26th - 27th October & 9th - 10th November 2020 Online 4 days (26th October 2020 - 10th November 2020) Stata

Course Overview: Part one

Recent years have witnessed an unprecedented availability of information on social, economic, and health-related phenomena. Researchers, practitioners, and policymakers have nowadays access to huge datasets (the so-called “Big Data”). This data is collected on people, companies and institutions, web and mobile devices and satellites, at an increasing speed and detail.

Machine learning is a relatively new approach to data analytics, which places itself in the intersection between statistics, computer science, and artificial intelligence. It's primary objective is that of turning information into knowledge and value by “letting the data speak”. Machine learning limits prior assumptions about data structure, and relies on a model-free philosophy that supports algorithm development, computational procedures, and graphical inspection more than tight assumptions, algebraic development, and analytical solutions. Machine learning was computationally unfeasible up until a few years ago. It is only possible on the machines of today, with their increased computing power and ability to learn, their hardware development, and with continuous software upgrading.

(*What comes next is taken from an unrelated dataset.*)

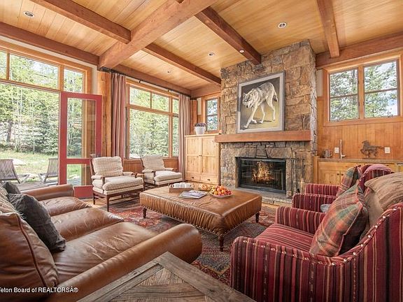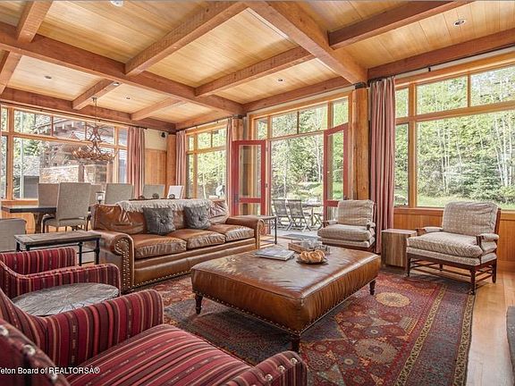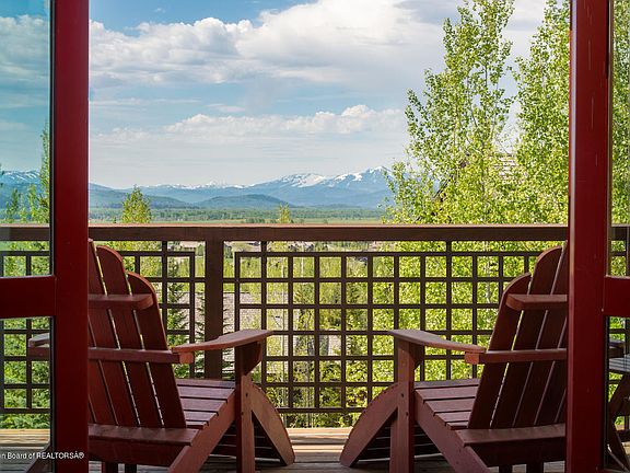 Located just uphill from the Four Seasons with ski-in, ski-out access via the Teewinot Run to a private slope, this lodge offers 4 large bedrooms, 4 full baths (1 master suite + 2 junior masters and a 4th set up as a bunk room) + half bath, spacious great room and gourmet kitchen with two dens, two private decks plus patio with a stream running past the hot tub. 4,251 square feet with 768 square foot garage. Excellent views up the mountain and out across the valley. These units may be rented short term and HOA plows and maintains yard for ease of ownership. The Jackson Hole Mountain Resort is adjacent to Grand Teton National Park making this an excellent summer property as well. Sold Furnished.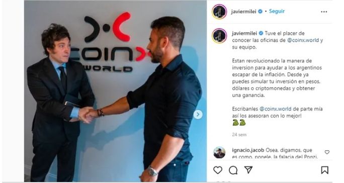 El líder de la Libertad Avanza se incorporó como influencer de las redes de Coinx a fines del año pasado y se lo podía ver en Instagram donde realizaba diferentes posteos recomendando la plataforma y sugiriendo el asesoramiento. "Están revolucionando la manera de inversión para ayudar a escapar de la inflación", comentaba.

This course is a primer to machine learning techniques using Stata. Stata owns various packages to perform machine learning which are however poorly known to many Stata users. This course fills this gap by making participants familiar with Stata's potential to draw knowledge and value form row, large, and possibly noisy data. The teaching approach will be mainly based on the graphical language and intuition more than on algebra. The training will make use of instructional as well as real-world examples, and will evenly balance theory and practical sessions.

After the course, participants are expected to have an improved understanding of Stata's potential to perform some of the most used machine learning techniques, thus becoming able to master research tasks including, among others:

  • (i) factor-importance detection
  • (ii) signal-from-noise extraction
  • (iii) correct model specification
  • (iv) model-free classification, both from a data-mining and a causal perspective.

Course Overview: part 2

No prior knowledge of machine learning techniques are required to attend this course, as the first session will start from scratch with a fresh introduction to the subject. This course will focus on three specific techniques not covered in the first-part of the course, that is: regression and classification trees (including bagging, random forests, and boosting), kernel-based regression, and global methods (step-wise, polynomial, spline, and series regressions).

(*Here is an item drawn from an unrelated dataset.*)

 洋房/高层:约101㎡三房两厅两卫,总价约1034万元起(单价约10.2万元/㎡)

The teaching approach will be mainly based on the graphical language and intuition more so than on algebra. The training will make use of instructional as well as real-world examples, and will evenly balance theory and practical sessions.

After the course, participants are expected to have an improved understanding of Stata's potential to perform some of the most used machine learning techniques, thus becoming able to master research tasks including:

  • (i) factor-importance detection,
  • (ii) signal-from-noise extraction,
  • (iii) model-free regression and classification, both from a data-mining and a causal perspective.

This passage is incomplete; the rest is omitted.